What this task involves:
Exclude the pictures and set down, unaltered, the lines from the one that holds "Boden Imogen Floral" through the end of the data.

(Source data)
┌──

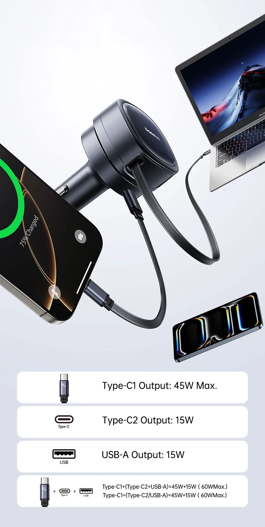 60W de Potência Total: Até 3 dispositivos podem ser carregados ao mesmo tempo:
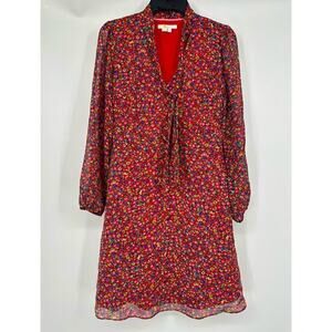 Boden Imogen Floral Tie Neck Long Sleeve Peasant Dress Red Size 4R
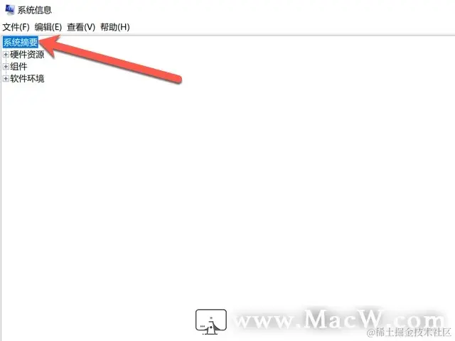 3、系统信息窗口将打开。单击 系统摘要 项。
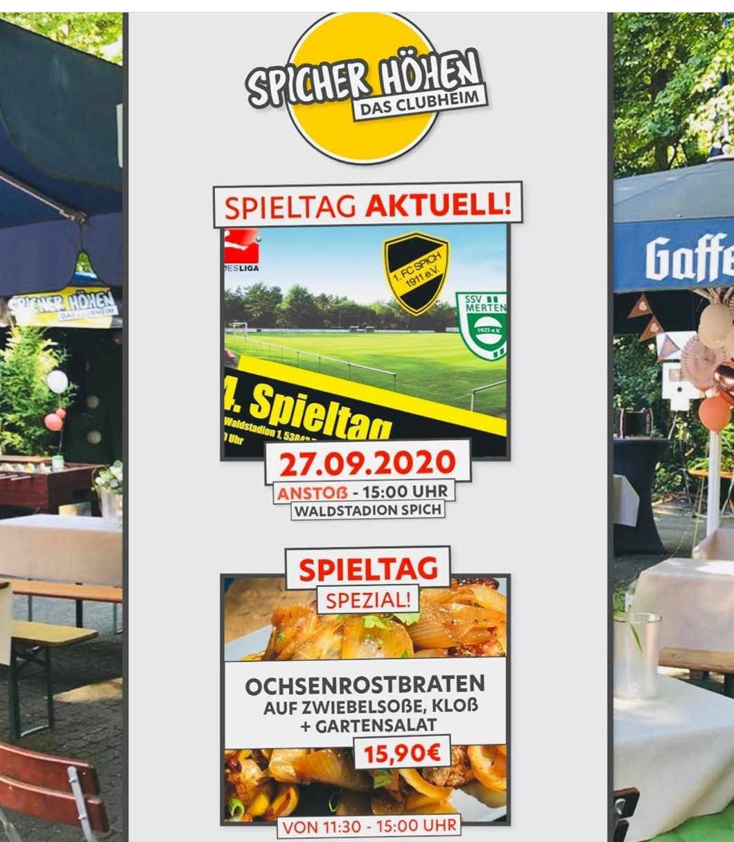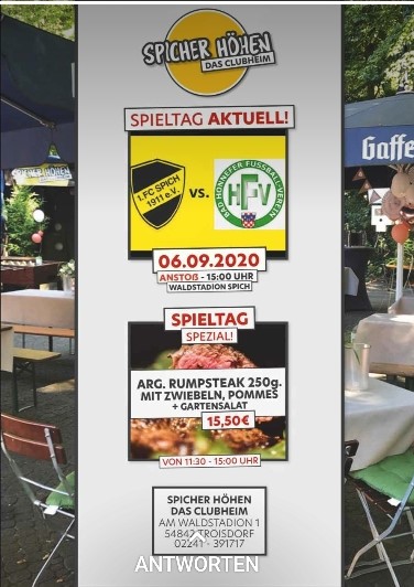 ....Sonntag auf die Spicher Höhen zu kommen. 1.Spieltag und ein Special im Clubheim. Unser FC und "Das Clubheim" laden ein!
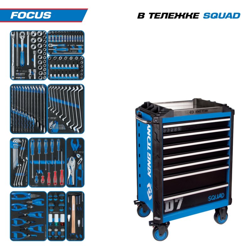 Набор инструментов 188 предметов, "FOCUS", в синей тележке KING TONY 9SQ31-188MRV купить в Омске цена ✅ - Все для СТО
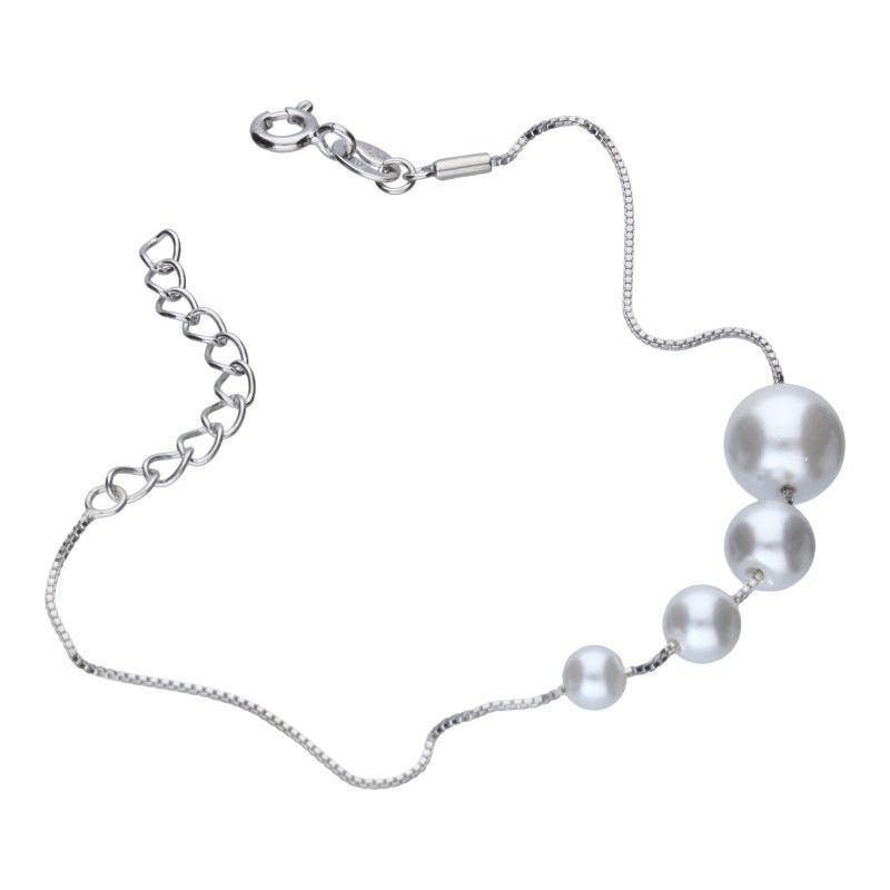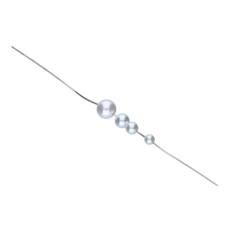 BRACELET ON A VENICE CUB WEAVE CHAIN, 925 SILVER, RHODIUM PLATED, CULTURED FRESHWATER PEARLS, DIAMETER FROM 4mm TO 8mm, LENGTH 16cm + 3cm EXTENSION.
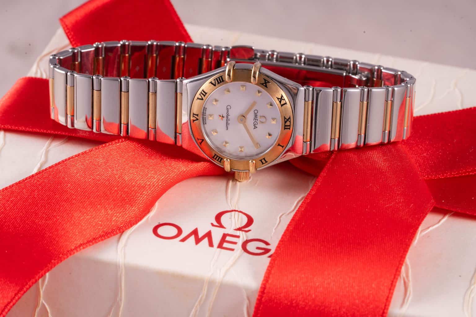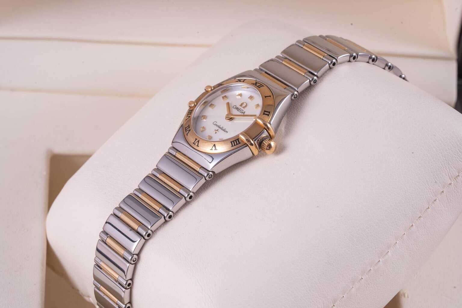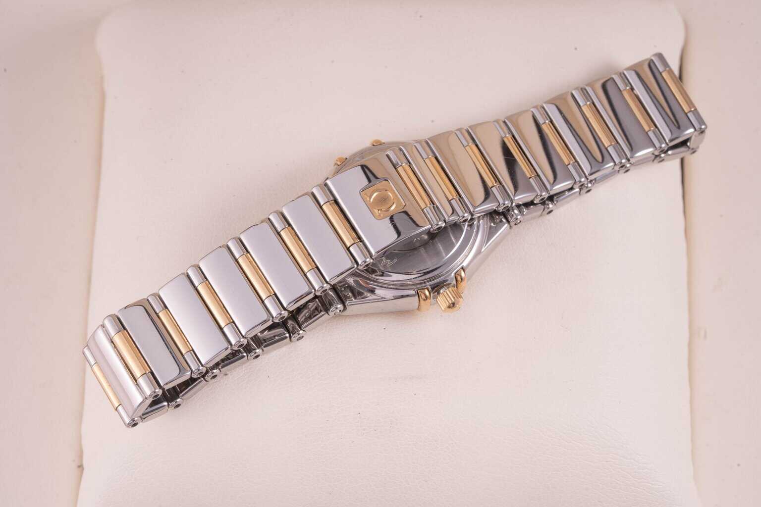 gyönyörű állapot dobozában tömör 18k arany részekkel quartz kagylóból készült számlap zafír üveg 24mm ref:1361.71

└──

Reply to the exercise:
 Boden Imogen Floral Tie Neck Long Sleeve Peasant Dress Red Size 4R
 3、系统信息窗口将打开。单击 系统摘要 项。
 ....Sonntag auf die Spicher Höhen zu kommen. 1.Spieltag und ein Special im Clubheim. Unser FC und "Das Clubheim" laden ein!
 Набор инструментов 188 предметов, "FOCUS", в синей тележке KING TONY 9SQ31-188MRV купить в Омске цена ✅ - Все для СТО
 BRACELET ON A VENICE CUB WEAVE CHAIN, 925 SILVER, RHODIUM PLATED, CULTURED FRESHWATER PEARLS, DIAMETER FROM 4mm TO 8mm, LENGTH 16cm + 3cm EXTENSION.
 gyönyörű állapot dobozában tömör 18k arany részekkel quartz kagylóból készült számlap zafír üveg 24mm ref:1361.71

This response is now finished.